I have yet to see objective comparisons between MISC, RISC, and CISC architectures. MISC processors often get a bad rap for their stack-based micro-architectures; however, generally-available evidence to support these negative views seems lacking. I try to put these processor architectures into perspective using real-world experience with some processors I’ve used directly in the past. I hope the data revealed will help others in answering questions on which architecture proves right for them.
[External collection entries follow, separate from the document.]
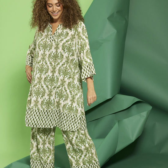 Uansett om du skal til en uformell brunch eller en mer formell begivenhet, kan denne tunikaen styles på mange måter. Prøv å kombinere den med et par matchende bukser for et gjennomført utseende. Se vårt utvalg av plus size bukser for å finne den perfekte kombinasjonen.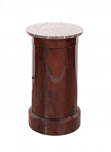 Comodino Impero francese in piuma di mogano con piano in marmo grigio belga. L'anta centrale si apre con un pomello in legno mentre all'interno ci sono due ripiani in legno. La particolare forma gli permette di avere una doppia funzione di comodino e di colonna. Condizioni generali: Restaurato dai nostri maestri artigiani con metodo tradizionale a gommalacca e alcool artigianale. Provenienza: XIX secolo Francia. Documento: Certificato di autenticità. Siamo a vostra disposizione per ulteriori chiarimenti o dettagli fotografici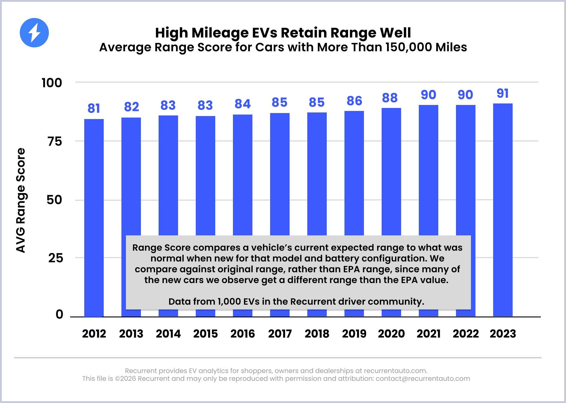 The oldest EVs with 150,000 miles in Recurrent’s analysis are from 2012, while the newest were made in 2023. The 14-year-old cars on the chart have an average range retention of 81%, but the trend is obviously toward better range retention. With every passing year, EVs have gotten better at retaining their original range to the point where 2023 models still deliver 91% of their original capacity.

In this article, I highlight the F18A core, which comprises the computing elements of the Green Arrays’ GA4 and GA144 chips. Details of this processor may be found at the Green Arrays website.
Space Consumption
As implemented in any Green Arrays product, the F18A is incapable of supporting a program as long as what I’ve coded in this article. However, there’s nothing fundamental about the F18A core architecture that prevents its use with systems containing larger quantities of memory. The analysis that follows assumes such a hypothetical machine.
As before, the different routines in the program have been sized. The table below refers to the program found in Listing 1.
Name Size (%)
====================
plt 14 13.3
pltc 5 4.8
zerop (0p) 12 11.4
zeroq (0q) 24 22.9
addrs 2 1.9
flip 5 4.8
crsr 39 37.1
plotch 4 3.8
====================
TOTAL 105 words (236.25 bytes)
====================
The F18A demonstrates significantly smaller code than the S16X4, despite an 18-bit vs 16-bit word size discrepency.
I counted 41 uses of the li
instruction, which means 41 of the 105 words (39%) contains literal information, much of it repeated.
Unlike the S16X4, the F18A supports very rapid subroutine calls and returns in hardware.
Idiomatic development of F18A software would factor out frequently repeated sequences of instructions, such as effective address calculations, into subroutines.
This helps improve code density while incurring only a modest performance penalty.
Listing 2 illustrates how one might refactor listing 1.
The table below illustrates how this refactoring affects the final program size.
Name Size (%)
====================
plt 14 18.2
pltc 5 6.5
_outsfc__ 3 3.9
_outsfc_os_x 2 2.6
_outsfc_os_y 2 2.6
zerop (0p) 7 9.1
zeroq (0q) 15 19.5
addrs 2 2.6
flip 3 3.9
crsr 20 26.0
plotch 4 5.2
====================
TOTAL 77 words (173.25 bytes)
====================
That simple change yields a 26.7% reduction in program size.
Runtime Performance
Without exception, all F18A instructions takes one instruction cycle to execute.
(Observe that the F18A lacks external clocking, being a fully asynchronous architecture.
Nonetheless, it offers a uniform instruction execution cycle length.)
However, to conserve the maximum amount of energy, the arithmetic unit inside the core relies on ripple-carry; thus, calculating a sum frequently requires more than one cycle.
This explains why you need a nop
in front of all add
instructions (unless you can statically prove ripple delays are insignificant).
Unlike the S16X4, the F18A requires that the programmer preload a memory address to fetch from or store to into a special register. Thus, all memory references require no fewer than two instructions as well.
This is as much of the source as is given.